One of the unexpected pleasures of emerging from testing season with two months of time left is the fact that I’ve been encouraged to keep kids motivated through project-based learning.

What a breath of intoxicatingly fresh air. We know that creativity has less and less of a place in our elementary schools. The kids wear this knowledge on their sad little faces as they flop test prep packets onto the desk and fall asleep over highlighted pages of nothingness.

Our current literacy unit involves research. There are four groups in my class and each is responsible for a New York City landmark of their choice. I have three goals for the unit: 1) have students direct their own learning about the landmarks; 2) give them transferable skills; 3) keep them engaged and having fun.

So, while kids are doing research, they are also creating a mural. First, everyone in the class sketched their landmark, paying close attention to details. On a tri-fold board, I sketched general parameters for each image. Then, they each drew their picture on the board, creating a bit of a mosaic of New York City. Students used rulers and measurements to maintain neatness. They are also picking up some art skills as they mix the paints to create desired colors, learn effective ways to use a brush and paint small areas, and visualize how items must overlap in order to look the right way. Maybe most importantly, the mural involves a good amount of group work and cooperation that, for the moment, is more effective in art than in research.

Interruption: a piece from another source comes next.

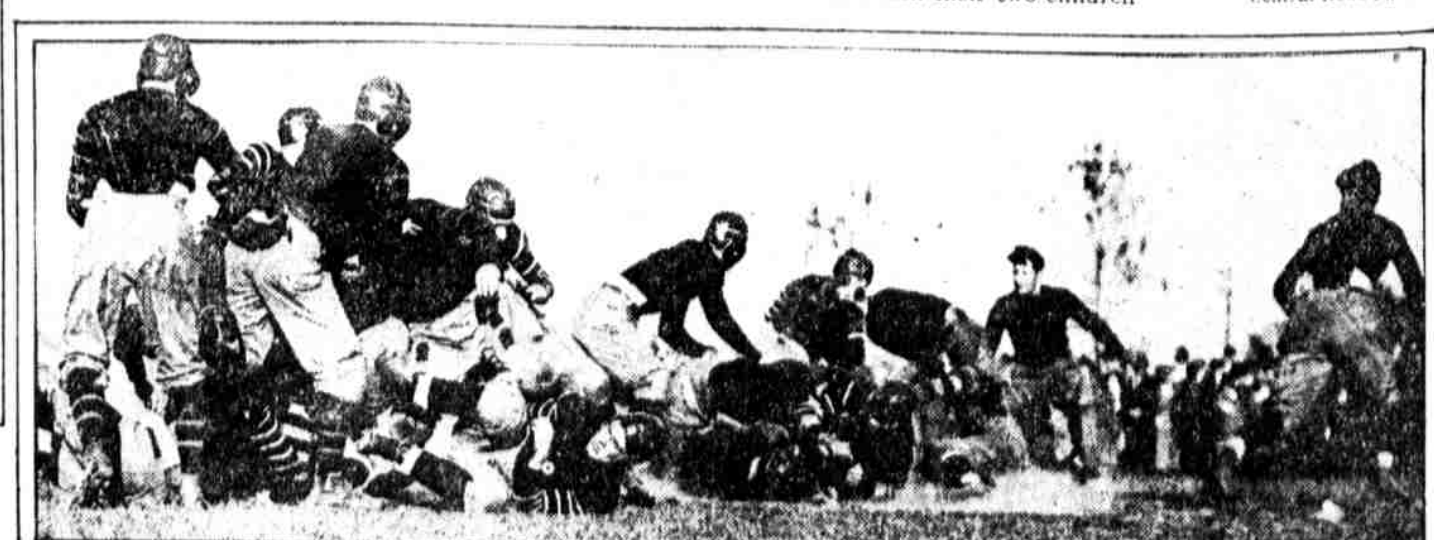
SCHOOLBOYS AT IT. Scholastic football had a large program yesterday, when many of the Philadelphia and nearby schoolboys got in action. The photographer snapped a play in the game between Ceneral High and Lower Merion. The local football players were in possession of the ball at the time. Central won

Once the mural is finished, I will use it to extend our math unit, which is focused on multiplication and division. As an example, students will be asked to compute the number of windows in the Empire State Building on our mural (the windows are arrays, which is a current focus). They’ll be able to measure different elements on the mural and compute areas and perimeters. I’ll figure out a way to have them review fractions through the mural, too.

Until the mural is complete and ready for us to use it for math, we are working on multiplication and division in context, tying them to, what else, New York City? Word problems don’t say “Sally shared 21 cookies with 7 friends. How many did each friend get?” but they do say, “21 tourists got into 7 taxis. How many tourists got into each taxi?” They are motivated by the New York-centric theme and, if I do say so myself, I am seeing a nice output on their parts.

Given the license to go with projects, you better believe I’m going to drive with it. Students are getting their kicks and their concepts, and it’s phenomenal.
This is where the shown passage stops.